Commit types feed the analyzer; the determined version drives all release artifacts automatically.

semantic-release in CI (GitHub Actions)

# .github/workflows/release.yml
name: Release

on:
  push:
    branches: [main]

jobs:
  release:
    runs-on: ubuntu-24.04
    permissions:
      contents: write        # tag + commit changelog
      issues: write          # comment on issues when fixed
      pull-requests: write   # comment on merged PRs
      id-token: write        # OIDC for npm provenance

    steps:
      - uses: actions/checkout@v4
        with:
          fetch-depth: 0     # full history required — semantic-release reads ALL commits

      - uses: actions/setup-node@v4
        with:
          node-version: 20
          registry-url: https://registry.npmjs.org

      - run: npm ci

      - name: Release
        env:
          GITHUB_TOKEN: ${{ secrets.GITHUB_TOKEN }}
          NPM_TOKEN: ${{ secrets.NPM_TOKEN }}
        run: npx semantic-release

fetch-depth: 0 is mandatory.

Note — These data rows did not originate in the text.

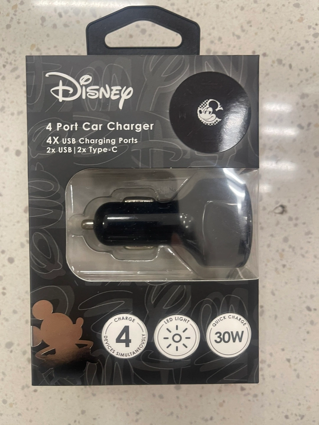 Selling a brand new Disney 4 Port Car Charger! It features 4 USB charging ports (2 USB and 2 Type-C). It can charge 4 devices simultaneously and has an LED light and quick 30W charge
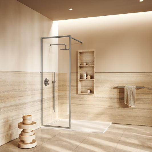 Designo Brushed Stainless Complete Walk In Shower Enclosure - KIT C - All SizesRegular price From £1,177.00 (£980.83 EX VAT)Sale price From £1,177.00 (£980.83 EX VAT)Unit price perRegular price From £1,177.00 (£980.83 EX VAT)Sale price From £1,177.00 (£980.83 EX VAT)Unit price per
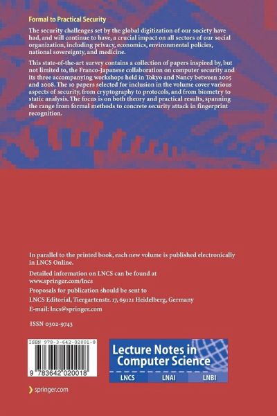 The security issues set by the global digitization of our society have had, and will continue to have, a crucial impact at all levels of our social organization, including, just to mention a few, privacy, economics, environmental policies, national sovereignty, medical environments. The importance of the collaborations in the various ?elds of computer s- ence to solve these problems linked with other sciences and techniques is clearly recognized. Moreover, the collaborative work to bridge the formal theory and practical applications becomes increasingly important and useful. In this context, and since France and Japan have strong academic and ind- trial backgrounds in the theory and practice of the scienti?c challenges set by this digitized world, in 2005 we started a formal French-Japanese collaboration and workshop series on computer security. The three ?rst editions of these French-Japanese Computer Security wo- shops in Tokyo, September 5-7, 2005 and December 4-5, 2006 and inNancy, March 13-14, 2008 were very fruitful and were accompanied by several imp- tant research exchanges between France and Japan. Because of this success, we launched a call for papers dedicated to computer security from it's foundation to practice, with the goal of gathering together ?nal versions of the rich set of papers and ideas presented at the workshops, yet opening the call to everyone interested in contributing in this context. This v- ume presents the selection of papers arising from this call and this international collaboration.
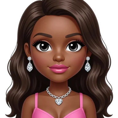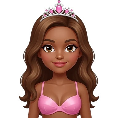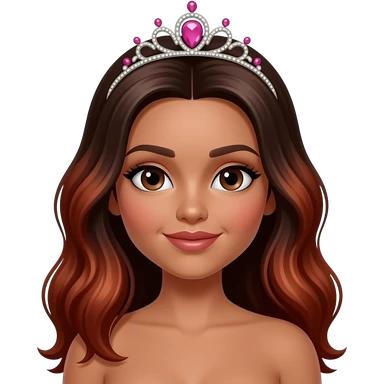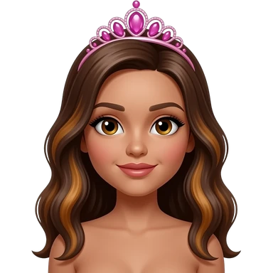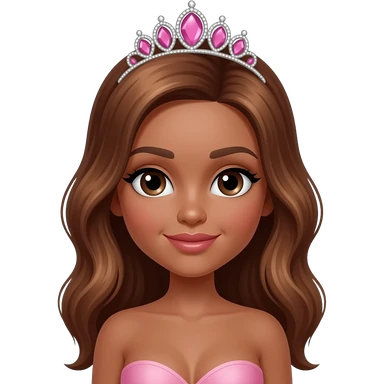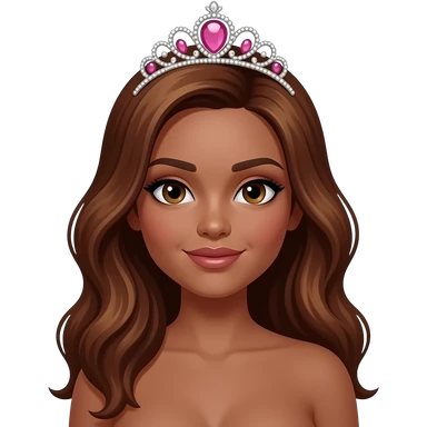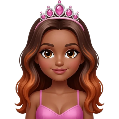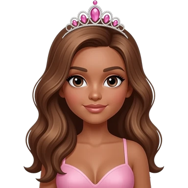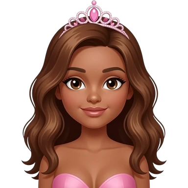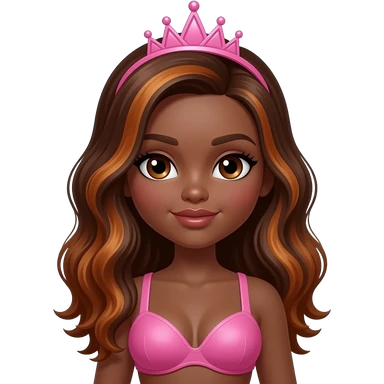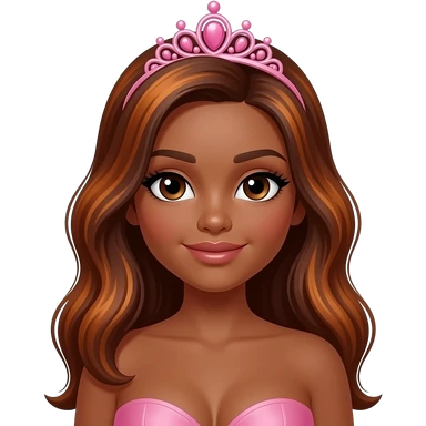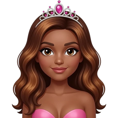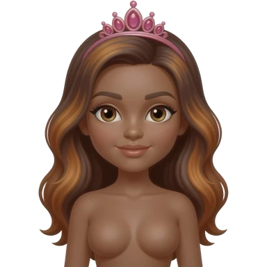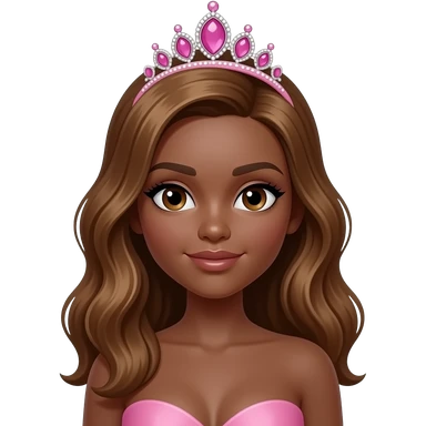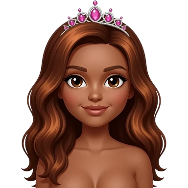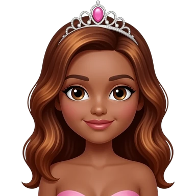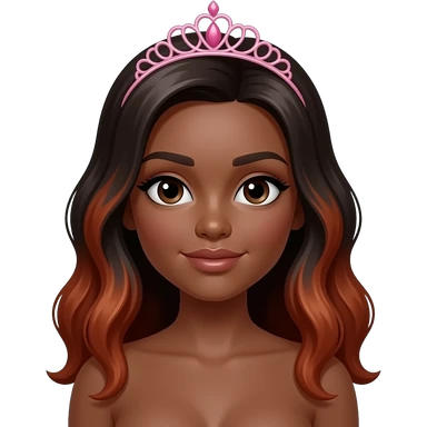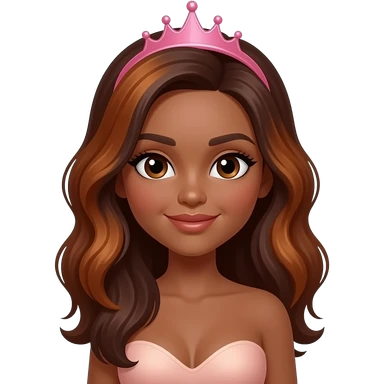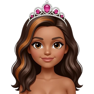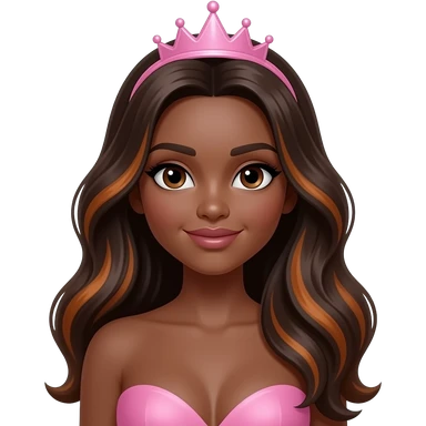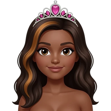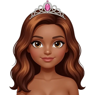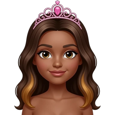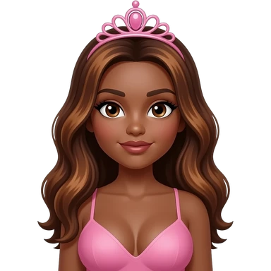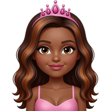 pink tiara, Dark brown eyebrows,Dark brown skin, Doll shaped face, doll eyes, wavy with side part longer straightened dark brown hair with auburn highlights, big breast no bra emoji

A shallow clone (fetch-depth: 1, the GitHub Actions default) gives semantic-release only the latest commit. It cannot determine the previous tag, so it either crashes or misidentifies the bump type. This is the single most common reason semantic-release produces wrong versions in CI — always fetch the full history.

Changelog Format and Keep a Changelog

The generated CHANGELOG.md follows the Keep a Changelog convention (keepachangelog.com): sections per release, each subdivided by ### Added, ### Fixed, ### Changed, ### Removed, ### Breaking Changes. Human readers scan the changelog top-down; automated tools parse it bottom-up. Both audiences are equally important.

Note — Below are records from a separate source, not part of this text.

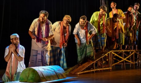 ![]() e-mail: ukb7@rediffmail.com Unrequited Love, Unrelenting bigotry February 18, 2019 Nasika Puran Cyrano de Bergerac, the famous 1897 play by the dramatist-poet Edmond Rostand, is cast in the mould of the proverbial parable of 'Beauty and the Beast', except that the Beast here uses the vision of a handsome, yet dumb male upfront - as a friend to support -- to entice the incurably romantically-minded Beauty through recitations and verses. Only at the very end, the Beauty realises that the Beast was her destined lover, Cyrano. Rostand's memorable dialogue alludes to the final recognition: The Beauty says: I love you. And the Beast's ugliness falls like a magic veil... The widely-performed French play -- credited with a Cyrano played on celluloid by the legendary hero Gerard Depardieu - was known to have been broadly modelled on a real-life noble man Cyrano de Bergerac, a 17th century elegant poet and philosopher, yet thoroughly spoilt and licentious, but Rostand play's fictionalisation elevates itself to a superb ménage a trois. Cyrano, a cadet (nobleman serving as a soldier) in the French Army, is a brash, strong-willed man of many talents. In addition to being a remarkable duellist, he is a gifted, delightful poet and is also a musician. He has, however, an inordinately long nose, which causes him to intensive bouts of self-doubt. This hesitation prevents him from expressing his love for his distant cousin, the beautiful and intellectual Roxanne, as he believes that his ugliness would prevent him the "dream of being loved by even an ugly woman." Till his last breath, Cyrano retains his panache, his typical flamboyance of self-negating style that he gifts to his society and to literature. ![]() ![]() Nasika Puran (The Saga of Nose), presented on January 25 by Minerva Repertory Theatre, was a Bengali adaptation by the astute thespian Ashok Mukherjee, with a locale in 7th century Bengal at the historical time of Shashanka Deva, with wars and turmoil of the period. Directed by the emerging thespian Biplab Banerjee, the play faithfully follows the original storyline: the noisy introduction of the multiple dramatis personae; the festive scenes during a royal coronation; the song-and-dance interludes of the drama about to be staged for the nonce; the very athletic Cadet descending acrobatically from an overhanging rope (and also performing his last act of bravado from the rope); and the generally confused battle scenes played out with blast and thunder. The second half virtually takes off flyingly on the love triangle with suspenseful acting and confrontations among the rivals. A fourth love interest - also there in the Rostand original - is the bumptious commander pursuing the pretty princess and generally making a mess of things. The fifth act - the temple monastery of the celibate women where the dejected princess now lives as a widowed recluse - is poignantly crafted, with the final denouement well enacted. In fact, it did seem that the first half was somewhat symptomatic of a cluttered up melee of characters, capable of some editing. The set design and lighting was of top quality and the youthful Repertory actors rose very well to their acting ambitions. Lal Salu Syed Waliullah (1922 - 1971) was a Bangladeshi novelist, short-story writer and playwright, whose 1948 award-winning debut novel, Lal Salu (translated by the author, calling his English version as 'Tree without Roots'), castigated fundamentalism and religious bigotry in Islam - as perpetuated by orthodox self-seekers - with whiplash sarcasm. Made into a memorable film, Lal Salu -- by Bangladesh's prime cineaste, Tanvil Mokammel -- went on to win many laurels. The novel essentially tells the story of Majid, an indigent pseudo-cleric from a devout Muslim background, who arrives at a remote village and shrewdly declares an old derelict grave to be the Majaar (graveyard) of a Peer (saint), covers it with the traditional red cloth used for mausoleums, and establishes his stronghold on the life of the simple, god-fearing people using the reflected power on him of the supposed saint. The novel shows his ascent to power and social prosperity, struggle with other religious figures trying to establish dominance, the undercurrent of pagan ideas among the people, and finally his own weaknesses that exposes him at the end. Lal Salu (Ceremonial Red Cloth), performed on February 8 by 'Prachya', was a love's labour bringing out the full range of practices and rituals that are called upon to fool the believing masses in any religion. Spearheaded by the talented director Abanti Chakraborty, the powerful play builds up - brick by brick - the marginalised village community who are hardly very religious, let alone communal, and believe in earning their daily bread through back-breaking toil and hard labour. Such a milieu is ideally suited for exploitation to Majid Mian, the cunning, power-seeking religious bigot, who is bent upon establishing himself as a Peer.
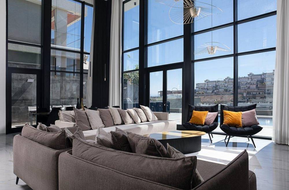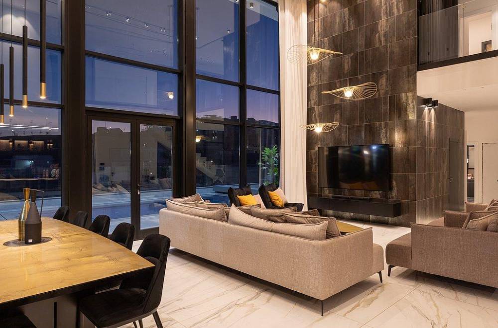 הסלון יוקרתי בעל קיר כוח עם חלל בגובה של 8 מטרים, טלוויזיה בגודל 98 אינץ' עם חיבור לyes, ספות גדולות ומרווחות, מערכות ישיבה איטלקים ופינת אוכל נפתחת המתאימה לכמות גדולה של אנשים.
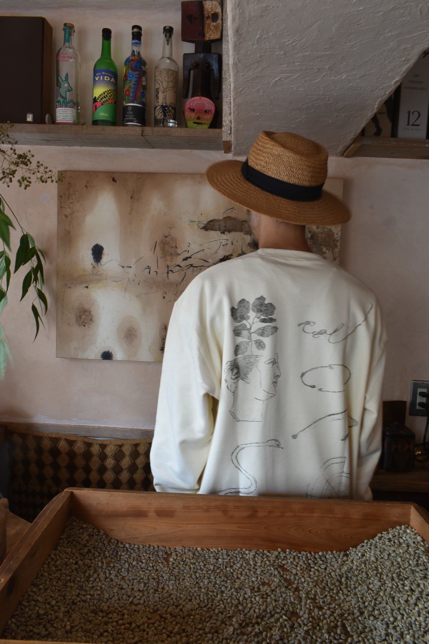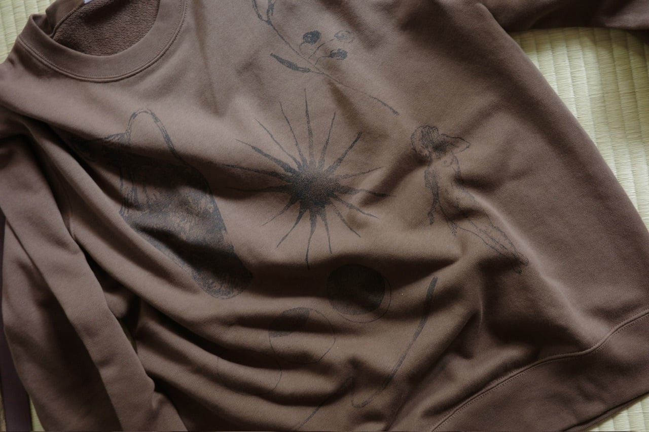 physisのロゴを手がけるアーティスト moe iwata と共作したオリジナルスウェット。

For non-Node ecosystems, equivalent tools exist:

Python: python-semantic-release (reads pyproject.toml, publishes to PyPI)
Go: goreleaser with conventional commit support
Rust: cargo-release + git-cliff for changelog generation
Generic / monorepo: release-please (Google), changesets (npm)

Monorepo strategy: In a monorepo with independent package versioning, use changesets (for JS) or release-please (language-agnostic). Both open a "release PR" that accumulates changelog entries; merging the PR triggers publish. This gives humans a review point before artifacts ship — a middle ground between fully manual and fully automated.

Production Failure Modes

The top failure patterns seen at scale:

Squash-merging bypass: GitHub's "Squash and merge" button generates a default commit message like feat: my PR title (#123), which is often correct — but only if the PR title was written in conventional format. Enforce PR title linting with amannn/action-semantic-pull-request in CI so the squash message is always valid.
Breaking change buried in body: Engineers write feat: update SDK with BREAKING CHANGE: ... in the body but the CI commitlint rule only validates the header. The analyzer still picks it up, but reviewers miss the signal. Require feat! syntax in the type field for visibility.
Bot commits triggering loops: When semantic-release commits the updated CHANGELOG.md back to main, that commit re-triggers the push workflow. Guard with if: "!contains(github.event.head_commit.message, 'chore(release)')" or use the skip_ci token in the commit message.
Missing NPM_TOKEN: The release job succeeds, tag is created, GitHub release is published — but the npm publish step silently fails if the secret is not set. Always check the full job output, not just the green tick.